All you need is a passing familiarity with ’80s action blockbusters to pick up on the beats.
Maverick is beautifully balanced between nostalgia and modernity. Contemporary sensibilities don’t feel forced, and the throwback vibe doesn’t feel anachronistic to 2022.
A fledgling romance between Maverick and Penny (Jennifer Connelly) has the hallmarks of the Top Gun era but her character has agency and is clearly his match. While the new class of talent (Glen Powell, Monica Barbaro, Jay Ellis, Danny Ramirez, Greg Tarzan Davis and Lewis Pullman) is a fresh injection into a world that used to be hypermasculine and not very diverse.
The story even has a subplot about the continued relevance of human pilots when drone technologies threaten to replace them.
But the real highlight of Maverick, where it truly excels is its extraordinary action sequences – really paying off the promise of Berlin’s iconic Top Gun theme “Take My Breath Away”.

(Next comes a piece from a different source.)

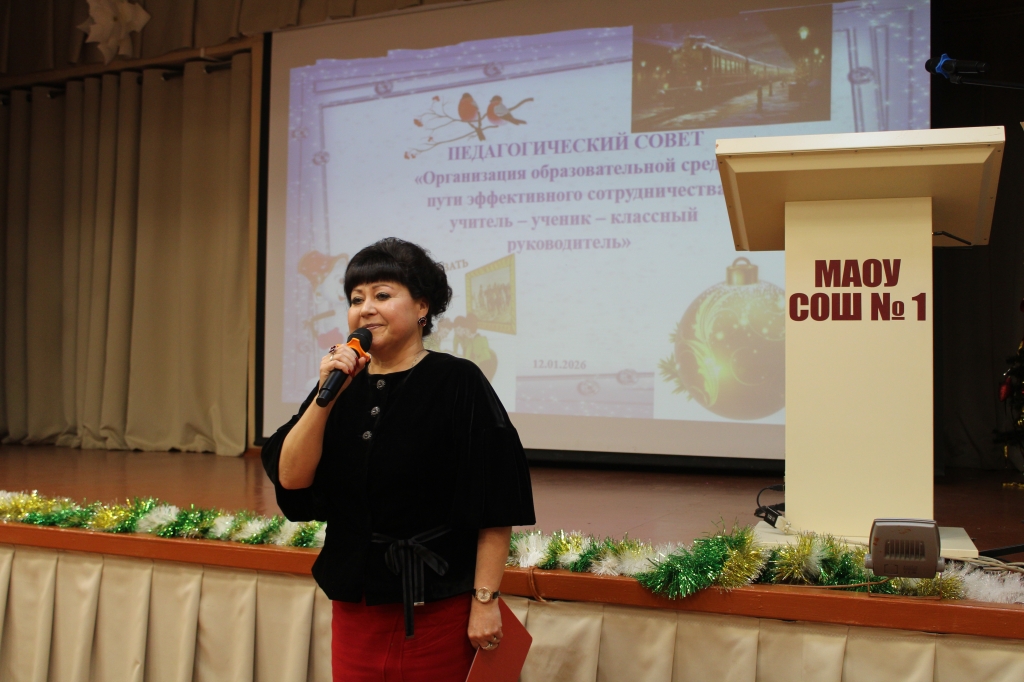 12.01.2026 года в МАОУ СОШ № 1 прошел педагогический совет на тему «Организация образовательной среды: пути эффективного сотрудничества учитель – ученик – классный руководитель».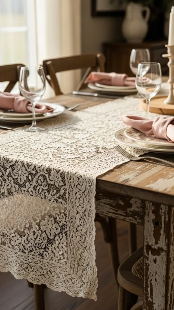 Lace runners feel timeless and romantic. Pair them with faded pink napkins or floral plates. If lace feels too delicate, layer it over linen for balance. DIY by trimming lace fabric and sealing edges. Keep centerpieces low to show detail. Layered textures bring depth without clutter.

Director Joe Kosinski and, it has to be said, Cruise, have crafted high-octane, genuinely gripping set pieces in the air which have gravity and stakes. The planes zoom about in hair-raising displays while the performances in the cockpit puts you right there.
The scenes were shot not in front of a green screen inside a plane on hydraulics but actually up in the air where cameras were mounted inside the cockpit and the actors were feeling the full weight of the G-Force in every frame. It makes all the difference.
Those sequences are tight, with editor Eddie Hamilton crosscutting between cockpit close-ups of several pilots, wide shots of the action and back into the control room. It’s a masterclass in how action and stunts should be edited – it’s not just that the tempo and rhythm of those scenes are mind-blowing but that you can actually follow the action, so you always know exactly what’s going on.
And it’s all underpinned by a booming, reverberating score which draws on Harold Faltermeyer’s original soundtrack, which places you in the propulsive action, in the world of Top Gun and in a truly riveting, lean-forward cinematic experience. It’s a triumph.